I spend a lot of time thinking about how to improve my processes for learning and knowledge management; I’ve written extensively about my second-brain note-taking system, Molecular Notes.

I use Molecular Notes on a daily basis but am still constantly on the lookout for improvements. As my collection of notes grows, I have recently been running into a retrieval issue: sometimes I’m trying to find an idea I know I’ve written about but I can’t remember the name of the concept or where I came across it.

For example, let’s say I remember making some notes on failure modes in large organisations, but I can’t remember any specific names or the source. I can try searching for relevant keywords in Obsidian search, but this doesn’t help much. The problem is that Obsidian’s default search is lexical – it tries to match words in the search query with words in the documents. It would be generous to call this “hit or miss”: as you can see below, when I search for “failure mode”, it matches anything with the string “mode”, including words like “model” which are not relevant. I could do a literal search using double quotes, but that only returns exact matches.
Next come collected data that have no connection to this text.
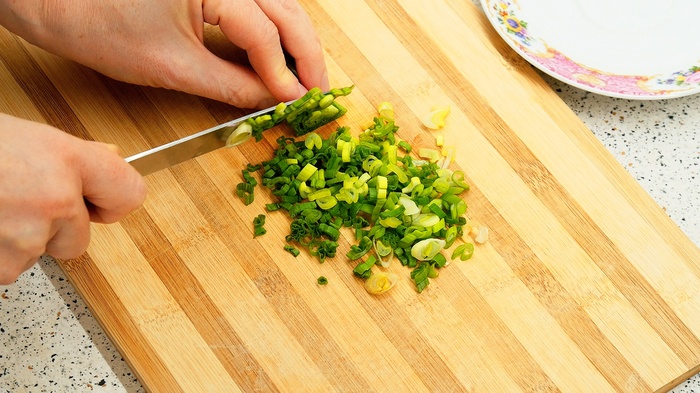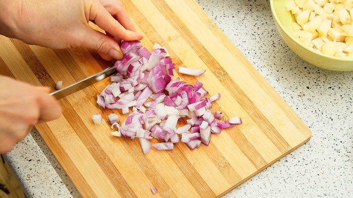 Получаются треугольники. Затем кусочки батата сложу в чашку. Посолю, добавлю пряности. У меня будут зира (кумин) и мускатный орех — по щепотке. Но можно использовать и молотую куркуму, молотый кориандр, паприку. Либо какие-то другие — по вашему вкусу и усмотрению.
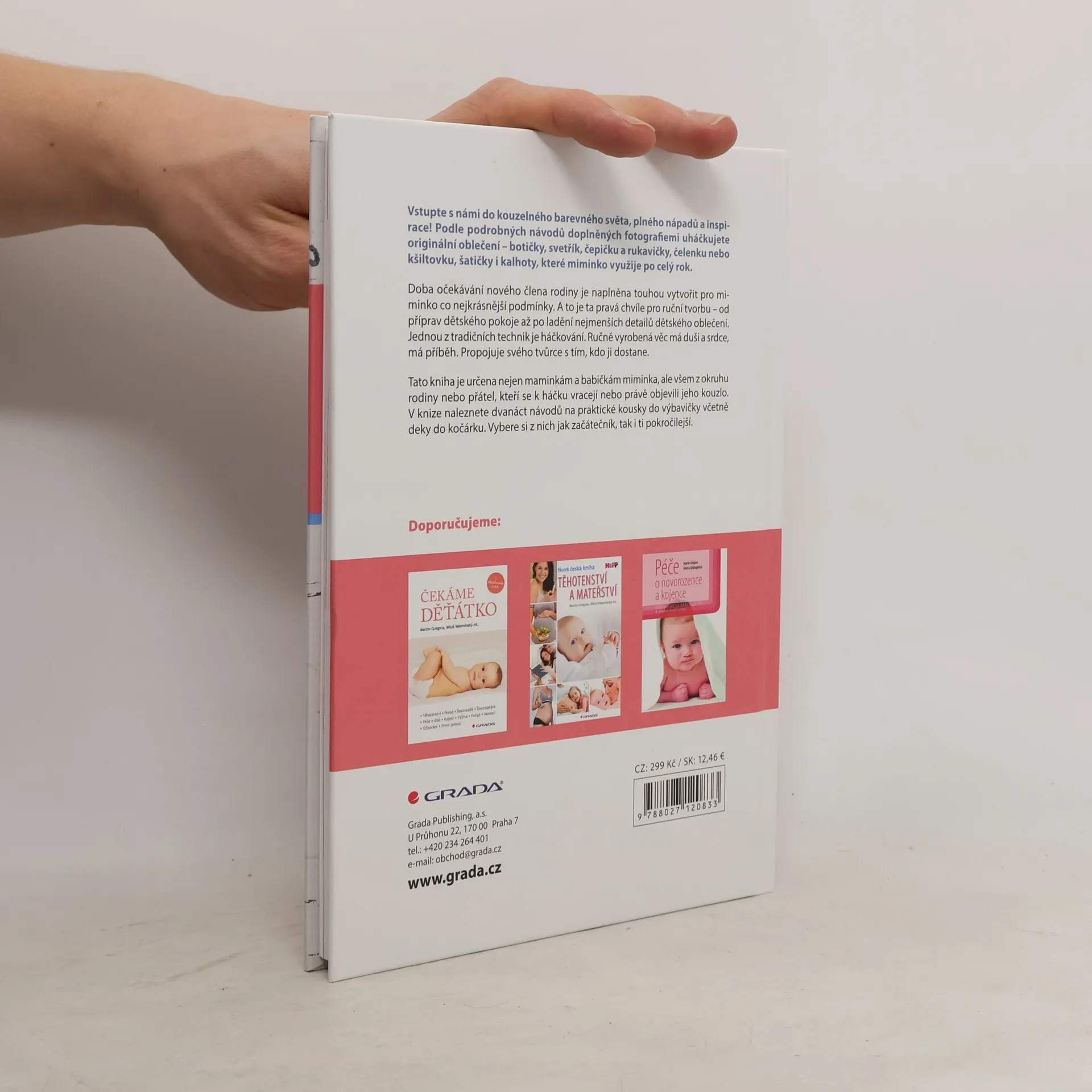 Vstupte s námi do kouzelného barevného světa, plného nápadů a inspirace! Podle podrobných návodů doplněných fotografiemi uháčkujete originální oblečení – botičky, svetřík, čepičku a rukavičky, čelenku nebo kšiltovku, šatičky i kalhoty, které miminko využije po celý rok. Doba očekávání nového člena rodiny je naplněna touhou vytvořit pro miminko co nejkrásnější podmínky. A to je ta pravá chvíle pro ruční tvorbu – od příprav dětského pokoje až po ladění nejmenších detailů dětského oblečení. Jednou z tradičních technik je háčkování. Ručně vyrobená věc má duši a srdce, má příběh. Propojuje svého tvůrce s tím, kdo ji dostane. Tato kniha je určena nejen maminkám a babičkám miminka, ale všem z okruhu rodiny nebo přátel, kteří se k háčku vracejí nebo právě objevili jeho kouzlo. V knize naleznete dvanáct návodů na praktické kousky do výbavičky včetně deky do kočárku. Vybere si z nich jak začátečník, tak i ti pokročilejší.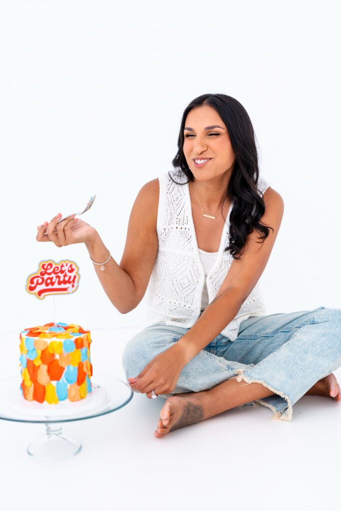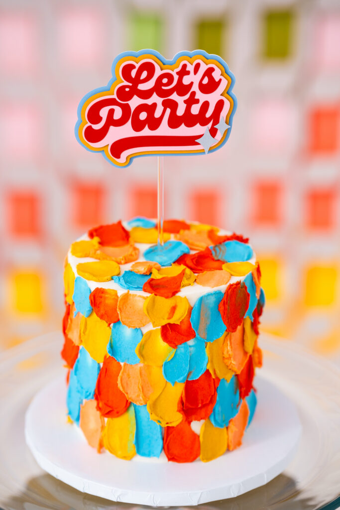 She envisioned lots of color, playful energy, and even a cake as a prop. A perfect reflection of her brand’s celebratory nature.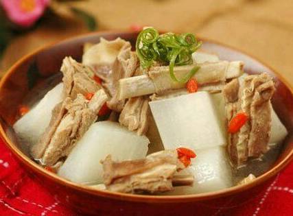 2、将排骨炖至肉脱骨,再加入萝卜,葱炖熟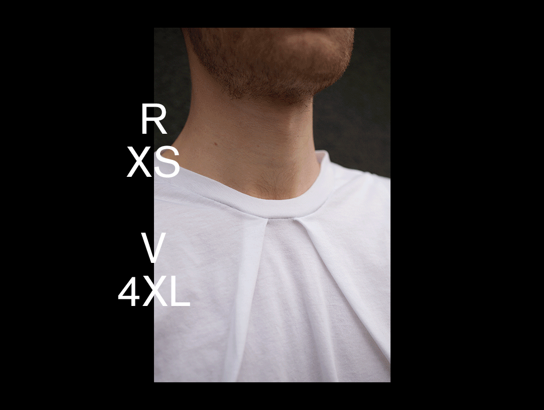 Diese Arbeit besteht aus zwei T-Shirts und zwei Hosen (jeweils in in den Konfektionsgrößen 4XL und XS) von denen jeweils Vorder- und Rückseite vertauscht und neu miteinander vernäht wurden. (R=Rückeite, V=Vorderseite)

(Molecular Notes, through its emphasis on linked notes, provides other means of finding content; in this case I could look at the local graph of notes connected to a relevant topic, like Management, and hopefully find what I’m looking for that way).

I was in dire need of semantic search, where the search tool understands the content of my second brain enough to return notes that are similar in meaning rather than just having the same words.

Basics of GPT

I don’t claim to have a good understanding of the internals of large language models. So here is my “black box” understanding of GPT, which emphasises the inputs and outputs rather than the internal function.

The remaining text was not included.